Der junge Mann, Österreicher von Geburt, Weltbürger von seinem musikalischen Ausdruck her, liebt es dramatisch. Bach hat mit seiner Fantasie eine seiner harmonisch und formal zerklüftetsten Kompositionen geschrieben. Es gehört möglicherweise auch zu seinen persönlichsten Werken, denkbar ist, dass Bach den Tod seiner ersten Frau reflektierte. Jedenfalls gerät das Werk unter den Händen Alexander Maria Wagners zu einer kontrollierten Ausdrucksexplosion. Bach schrieb mit dem BWV 903 Zukunftsmusik, allein bei Wagner hört man – das macht natürlich auch der moderne Flügel – die Nähe zu Schumann und den besseren Romantikern. Erstaunlich aber bleibt, wie Wagner die Fuge gestaltet: als Steigerungsdrama über eine relativ feste Form.

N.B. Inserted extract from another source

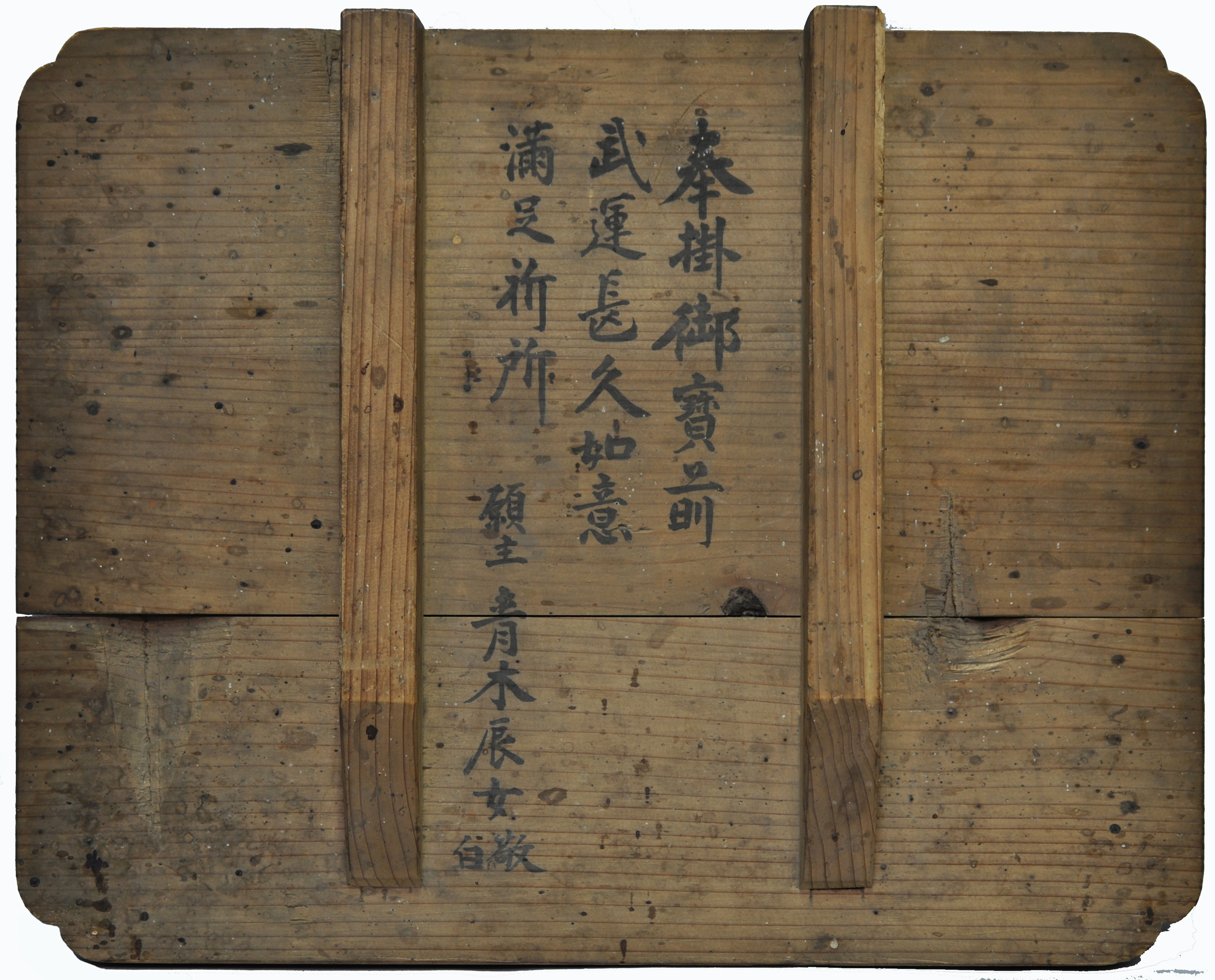 「元治元甲□(子)年三月吉旦(日カ) 青木蒼明□□葵源正□謹画之」 「願主 青木辰女敬白」とあり。絵馬の裏に「奉掛御宝前 武運長久如意 満足祈所 願主 青木辰女敬白」とあり。

Und so geht es weiter: mit Mozarts beiden c-Moll-Werken, der Fantasie KV 475 und der Sonate KV 457. Wagner donnert nicht, er geht vorsichtig zu Werk, wenn er den Beginn der Fantasie genau akzentuiert, um den späteren schroffen Einbrüchen das Überraschungsmoment nicht zu verleiden. Der langsame Sonatensatz erinnert an Beethovens „Gesang eines Genesenden“, bevor das c-Moll-Wunderwerk in heftigem Marcato abschließt. Mozart und Wagner: zwei Spannungskünstler.

Und so geht es weiter: mit Janáceks Reflektion auf die Ermordung eines Arbeiters während einer Demonstration, die der Musiker mit Emphase nachempfindet; der Trauermarsch des zweiten Satzes der Sonate baut eine Spannung auf, die auch unmusikalische Hörer packen sollte. Wagners Kunst ist alles andere als übereilt, wenn er auch die Satzbezeichnung „precipitato“ zu lieben scheint und fingerfertig über die Tasten zu eilen vermag. Sein eigenes Stück „Inferno“ beginnt mit einem brachialen „Rondo precipitato“, das ohne den dritten „Precipitato“-Satz von Prokofjews Sonate Nr. 7 undenkbar wäre. Hier wie dort herrscht rhythmische Dauerextase, die beim Russen zum Rock n’ Roll changiert, bei Wagner zum nachschöpferischen Staccato-Gehämmer.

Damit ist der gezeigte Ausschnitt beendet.